# Clinton river.....?



## French-guy (Sep 9, 2014)

Who fishes Clinton river, especially in summer?
What type of fish, which rig, and where (not asking for specific spots, just some area......I only know Yates)
Is Clinton river a good choice to learn fly fishing?
Thanks


----------



## ESOX (Nov 20, 2000)

The Clinton is narrow and deep in most of the parts below Yates. There are some pig gills and crappie. Lots of smallmouth and some pike. Wading is tough, fly casting from the was wadeable parts tough. Fly fishing or hardware from a kayak is the best option. If one must wade, hardware is the best option


----------



## river rat78 (Dec 30, 2010)

This is actually my first time fishing the Clinton River in the summer. The reason I don't fish it in the summer is cause the mosquitoes are horrendous. As far as fish go I know there are bluegills, perch, creek chubs, small suckers, rockbass, smallies, largies, carp, and pike. I've been after the smallies and have been casting medium diving dranks 4-7' and catching a few. If you are after the pike I would use suspending jerk baits like husky jerks in the size 14. I've also gotten them on spinnerbaits. If you are looking to catch something be ready to cover a lot of ground. This past Friday I probably covered close to a mile stretch of the river and went 1-3 on smallies. Seen 2 mid 20's pike and a nice smallie that was probably around 15". Not sure if I would practice fly fishing though since the river is pretty narrow. You might want to learn how to fly fish on a lake where there is more open space to learn how to fly cast.


----------



## fisheater (Nov 14, 2010)

ESOX said:


> The Clinton is narrow and deep in most of the parts below Yates. There are some pig gills and crappie. Lots of smallmouth and some pike. Wading is tough, fly casting from the was wadeable parts tough. Fly fishing or hardware from a kayak is the best option. If one must wade, hardware is the best option


Esox, are you a paddler? Just curious, I did appreciate your advice regarding the divergence. I made two trips that way exploring. The first trip I covered all the water up to the golf course too hard, it was cold, even my drysuit was iced up. My hands finally had enough. The second trip I made it to the convergence, there was a family group had that area pretty crossed up with lines. I stretched my legs, admired the few suckers they had, used a convenient tree and headed back downstream.
Just curious, do you spend time below the divergence? I know there is interesting water above the convergence. There are so many places I would like to fish, so little time.... I'm not complaining, I enjoy the time I get.


----------



## ESOX (Nov 20, 2000)

No, I don't paddle. Way back in the day before kayaks were readily available we used to paddle the Clinton in a canoe or row it in a Sportyak. Wish I could Kayak, but my arthritis makes it miserable sitting down low like that. If I were 20 years younger I would be all about kayak fishing, what an efficient way to hit spots.. I spent most of my time wading on the river these days in places I will have to PM you........


----------



## fisheater (Nov 14, 2010)

ESOX said:


> No, I don't paddle. Way back in the day before kayaks were readily available we used to paddle the Clinton in a canoe or row it in a Sportyak. Wish I could Kayak, but my arthritis makes it miserable sitting down low like that. If I were 20 years younger I would be all about kayak fishing, what an efficient way to hit spots.. I spent most of my time wading on the river these days in places I will have to PM you........

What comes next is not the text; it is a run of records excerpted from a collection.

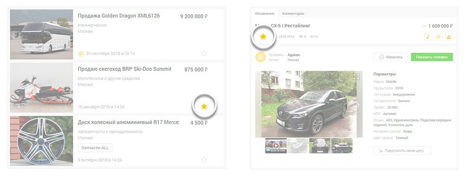 На страницах списка объявлений или объявления нажмите на звездочку
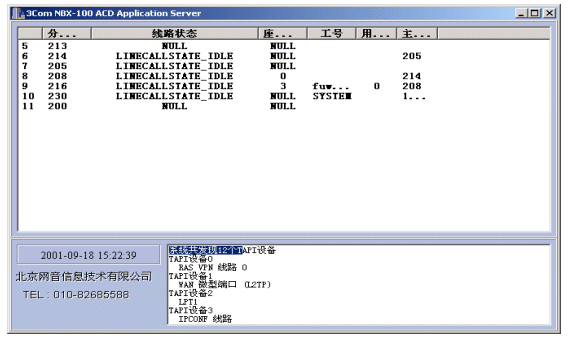 NBX呼叫中心的核心設(shè)備是3Com公司的NBX網(wǎng)絡(luò)交換機(jī),NBX網(wǎng)絡(luò)交換機(jī)支持開(kāi)放式電話開(kāi)發(fā)平臺(tái)TAPI2.X,TAPI它是Microsoft電話技術(shù)應(yīng)用程序編程界面標(biāo)準(zhǔn),運(yùn)用TAPI可以方便、高效地完成針對(duì)語(yǔ)音線路的控制開(kāi)發(fā),從而完成自動(dòng)語(yǔ)音應(yīng)答(IVR)、自動(dòng)話路分配(ACD)、以及坐席接待、計(jì)費(fèi)、錄音等需求。使用TAPI這種標(biāo)準(zhǔn)使得用戶(hù)可以集成第三方CTI程序以完成各種高級(jí)需求。
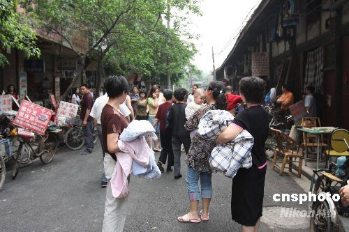 5月12日14時28分,在四川汶川縣(北緯31度,東經103.4度)發生7.8級地震,四川省會成都有強烈震感,市民緊急從建筑物中跑出來,在街道上緊急避險。 中新社發 黃榮 攝
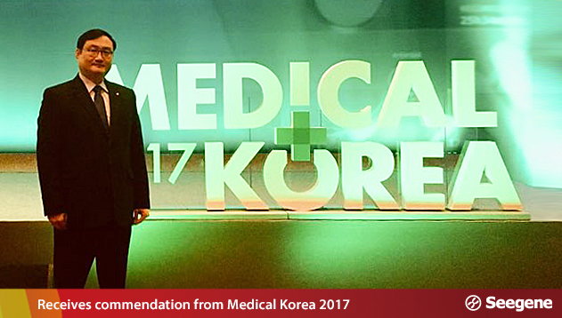 On November 21, Seegene Middle East President Park Ji-hoon received a commendation from the Minister of Health and Welfare at Medical Korea 2017, hosted by the Ministry of Health and Welfare, and supervised by the Korea Health Industry Development Institute.
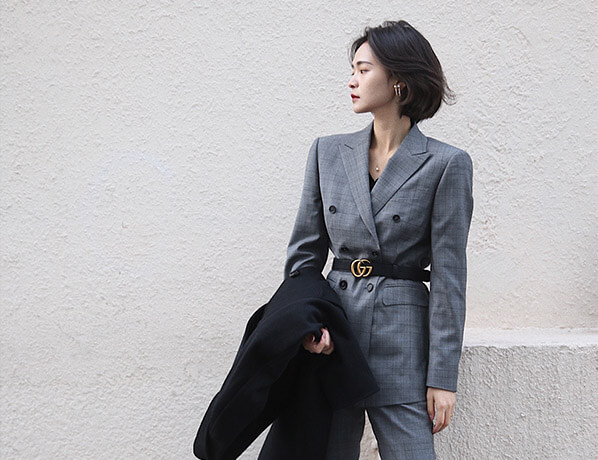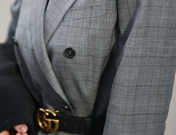 女士淺灰色網(wǎng)格雙排扣同款西服定制
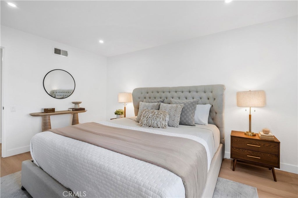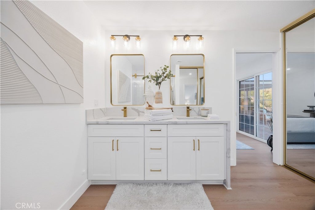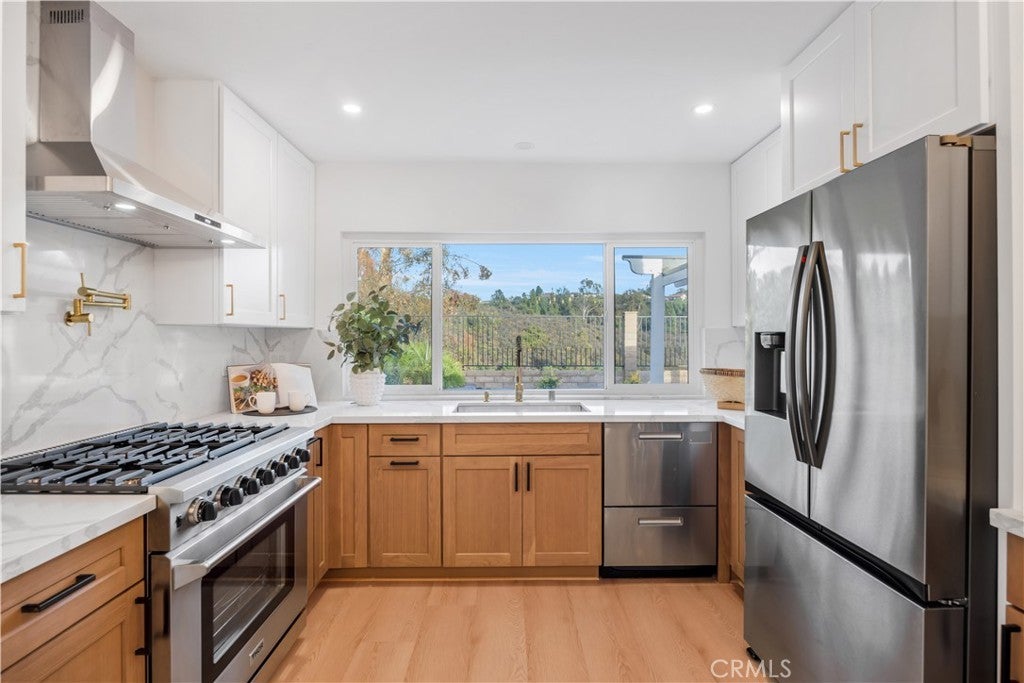 This beautifully renovated single story home sits on a quiet cul de sac in Mission Viejo and perfectly blends modern upgrades with style and functionality. Every detail has been thoughtfully designed, from energy efficient systems to designer finishes, making it a truly move in ready residence. Inside, high end waterproof hybrid laminate flooring flows seamlessly throughout, accented by modern baseboards, fresh paint, updated outlets, switches, hardware, and energy efficient LED recessed lighting. The fully remodeled gourmet kitchen showcases custom white and oak Shaker cabinetry with soft close drawers, quartz countertops with a full height backsplash and waterfall edges, ceiling height cabinets, touchless sink with pot filler, and professional grade appliances including a 36" 6 burner Thor gas range, Thor drawer microwave, Thor wine fridge, GE Profile double drawer dishwasher, Samsung refrigerator, and sleek range hood. An elegant farmhouse chandelier and updated fireplace bring warmth to the family room, while new hallway cabinetry and a high capacity washer dryer with overhead storage add convenience. The primary suite offers a spa like retreat with a walk in shower featuring oversized shampoo niches, double vanities with quartz counters, soft close cabinetry, and upgraded fixtures. All bathrooms have been fully remodeled with modern cabinets, countertops, faucets, mirrors, and low flow toilets. Each bedroom has new flooring, baseboards, paint, and lighting for a fresh, modern feel. Additional smart home features include a Nest thermostat, Ring camera doorbell, and a full PEX repipe for added peace of mind. The private backyard is fully enclosed, perfect for pets and children, and offers serene mountain views with no neighbors behind. A stylish maintenance free privacy fence with lush greenery enhances the outdoor living space. The finished two car garage has been freshly drywalled, painted, and upgraded with epoxy flooring. Residents also enjoy exclusive access to Lake Mission Viejo, featuring sandy beaches, swimming, boating, fishing, a clubhouse, and year round events. With no Mello Roos, a low HOA, and a prime location, this turnkey single story is a rare opportunity in one of Mission Viejo’s most sought after neighborhoods.
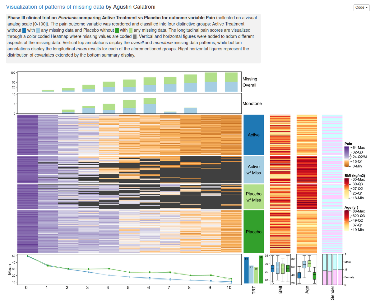 The current example data set is focusing on missing data. Missing data are present in almost any (clinical) data set. Ways to visualize different patterns of missing values is the topic of this webinar / blog entry.
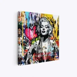 This artwork features a bold and colorful depiction of Marilyn Monroe, set against a backdrop of dynamic graffiti elements. The interplay of colors and textures creates a striking contrast between the glamorous image of Marilyn and the edgy, urban backdrop.
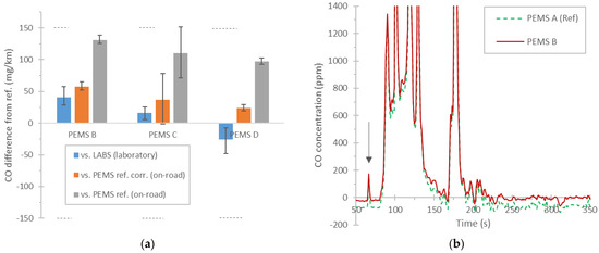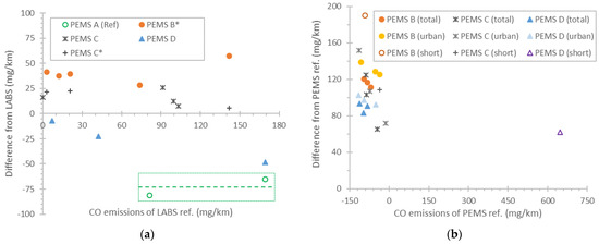 Measurements of CO with PEMS: (a) Laboratory: differences of PEMS from laboratory equipment LABS (Equation (1)). The asterisk indicates tests with vehicle V1. (b) On-road: differences of PEMS from reference PEMS A (Equation (2)).
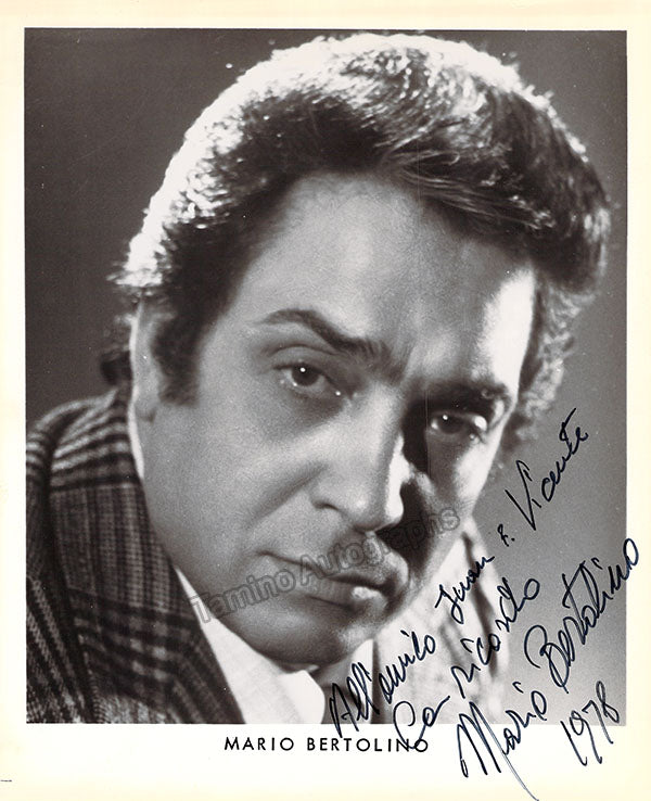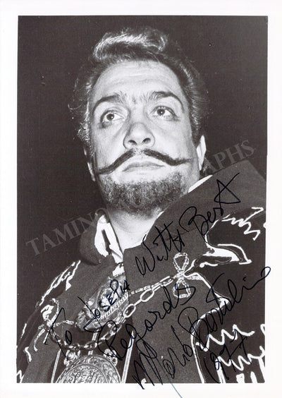 Signed photograph, shown as Ferrando in Verdi's Il Trvoatore, dated in 1977, inscribed. Size is 5 x 7 inches, in excellent condition.

Actually I fish out of a solo canoe, but it paddles from a center seat. I mostly paddle with a double blade, so it would paddle much more similar to a kayak then the aluminum tandems I paddled down river with the Boy Scouts back in the '70's. I work in Roseville, you're welcome to give it a try.
You have been pretty helpful already as far as locations. I always enjoy talking about rivers I have spent a little time on. I have waded the entire stretch of river from Auburn Hills, thru Rochester, Rochester Hills. Paddled Through Shelby and into Utica and Sterling Hts. From that point to the convergence I have some river to see, and downstream from the divergence. That was over the course of the past ten years also, so there have been quite a few changes.
I would enjoy the chance to meet you and talk about the river, but I do work a lot and I have family obligations as well. I am serious about the offer to let you use the canoe. She's fast, and likes to paddle upstream, she also has plenty of room to stretch out in. Let me know, tight lines.


----------



## everlast108 (Mar 30, 2012)

I used to live in Shelby twp, and I fly fished the Clinton all the time. It's a great river to learn on, most of it is pretty open so you don't have to worry about snagging a lot. I used to like the riverbends spot on Ryan, across from Coyote Joe's, since Yates is fished so heavily. You can practice a lot of techniques there too, because you have the room, and the river has some very wading friendly areas. You can go up stream of Yates too, and there are some good sections you can Wade thru. Also, because it holds so many different kinds of fish, you can get lucky and catch something most days you go out. I've caught blue gill, bass, trout, suckers, and shad on dries and nymphs. The best thing to do is give it a try!


----------



## French-guy (Sep 9, 2014)

everlast108 said:


> I used to live in Shelby twp, and I fly fished the Clinton all the time. It's a great river to learn on, most of it is pretty open so you don't have to worry about snagging a lot. I used to like the riverbends spot on Ryan, across from Coyote Joe's, since Yates is fished so heavily. You can practice a lot of techniques there too, because you have the room, and the river has some very wading friendly areas. You can go up stream of Yates too, and there are some good sections you can Wade thru. Also, because it holds so many different kinds of fish, you can get lucky and catch something most days you go out. I've caught blue gill, bass, trout, suckers, and shad on dries and nymphs. The best thing to do is give it a try!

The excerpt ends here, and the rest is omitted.